Jeremy was more of a reader than a drinker. In fact, he was more of a reader than a writer. “Jeremy described himself,” said his wife Catriona Olding, “as a reader who writes. . . . He spent so much time in bed reading that some weeks he had nothing to write about.”3
Clarke had already accumulated a large library by the time his Mother died; he then brought 2,500 books from her house and jammed them into his already book-jammed house.
He loved books. He never wrote in them, opting instead of writing out passages in his notebooks.4
Most people read literature for the stories. Not Clarke. He was interested in the authors themselves, as revealed in their works. He was also interested in their prose: how they crafted and styled the English language.
Plot interested Jeremy little. It was the quality of writing that mattered. His writers were masters of prose. They were outsiders; often destructive, sometimes tragic, and many struggled with mental illness or addiction. Pursued by furies they were, and, in his darkest moments, so was Jeremy.
This great reader died in May 2023, at age 66.
The “Low Life” column died with him.
Taki himself wrote a book about the low life in his (fairly brutal) autobiographical account of going to a British prison in the 1980s for possession of cocaine. Nothing to Declare: A Memoir.

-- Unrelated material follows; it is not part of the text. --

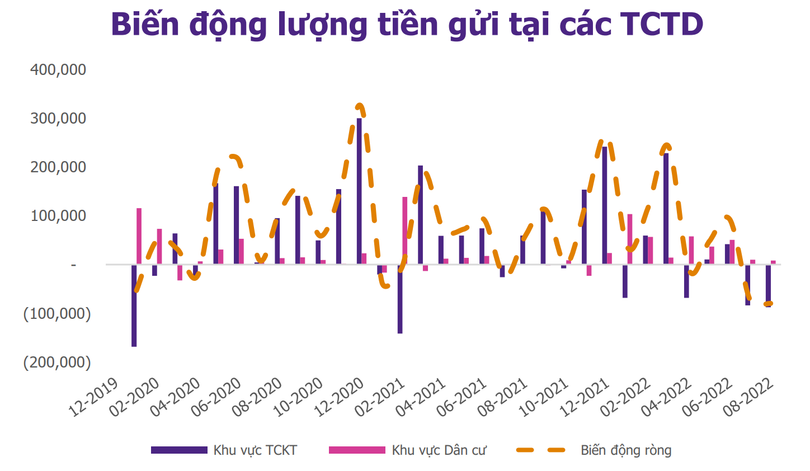Đáng chú ý, đi sâu vào cơ cấu biến động lượng tiền gửi tại các tổ chức tín dụng (TCTD), EVS nhận thấy khu vực tổ chức kinh tế có xu hướng rút ròng tiền gửi ra khỏi hệ thống. Trong khi đó, lượng huy động ròng khu vực dân cư trong các tháng 7 và 8/2022 chỉ ở mức 17.500 tỉ đồng.

I don’t remember a lot about the book, except it was hard to read (prose was great; subject matter sad) and his account of the screen tough guy Stacy Keach, who got sent to prison for drug possession and was beaten up by thugs who simply wanted to beat up a movie tough guy, even though Keach had a “sensitive nature in real life.” p. 44.
He writes of first arriving in Soho in the 1950s: “There was a café they used that was full of artists, poets, amateur and professional philosophers, writers, actors, bums, layabouts, a few genuine Bohemians, eccentrics, lunatics and pretty girls. There were also thieves, who then as now plundered Foyle’s bookshop, ponces, bookies’ runners and con men. It was heaven.”
Samples:
evanesce: fade out of sight
adventitious: coming from outside
accidental: casual
The novel is a kind of discourse and a frame of mind. As a frame of mind, it questions and subverts all totalizing systems by the liberating power of laughter and the celebration of the body.